= William de Courcy (died c. 1114) =

11th and 12th-century Anglo-Norman nobleman and baron

William de Courcy (died c. 1114), feudal baron of Stoke Courcy (modern Stogursey) in Somerset, was an Anglo-Norman nobleman.

William was the son of Richard de Courcy by his wife Wandelmode. The family was from the Calvados region of Normandy. William inherited the English lands of his father in about 1088.

On the accession of King Henry I of England in 1100, William was appointed a royal steward, or dapifer. There were probably four stewards in the royal household, and Henry kept in office the three he inherited from his brother King William II, namely Eudo, Haimo and Roger Bigod, 1st Earl of Norfolk. William was the only new appointment to this office at the start of Henry's reign. In March 1101 William served as a surety for Henry fulfilling a treaty with Robert II, Count of Flanders. William pledged 100 marks as security that would have been forfeited should the king fail to uphold the treaty terms. In 1107 William witnessed a charter of the king in Normandy and 6 more royal charters during 1110 in England. While Henry was absent from England in 1111 William was one of the advisors of Queen Matilda, who was left behind in England to govern the country.

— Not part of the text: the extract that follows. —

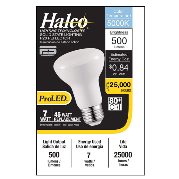 Halco LED R20 Flood 7W 5000K Dimmable 80+ CRI 500 Lumen White Housing (Essential Series) (6-Pack). Cool White LED Reflector Floods.
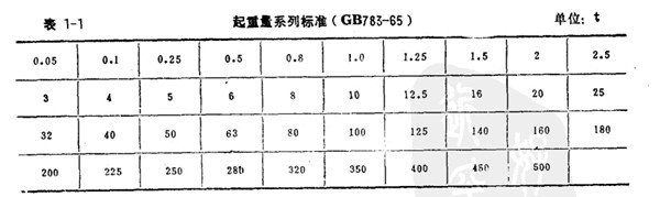 (起重量的國家標準(GB783—65)圖表)

William gave a gift of land as well as the advowson of the church at Nuneham Courtenay in Oxfordshire to Abingdon Abbey, the advowson grant being related in the Historia Ecclesie Abbendonensis. Shortly after these grants, William further gave to Abingdon a fishery named "Sotiswere".

William married Emma de Falaise, the daughter and heiress of William de Falaise, feudal baron of Stoke (later "Stoke Curcy, Stogursey") in Somerset, who held amongst many others, the manor of Stogursey in Somerset, his caput, at the time of the Domesday Book in 1086. William inherited the lands of his wife and became thereby feudal baron of Stogursey. The honour of Stoke-Courcy represented 25 knight's fees. By his wife he had three sons: William de Courcy (died before 1130), eldest son and heir who inherited the feudal barony of Stogursey, Richard, and Robert de Courcy, who may have inherited his father's royal stewardship.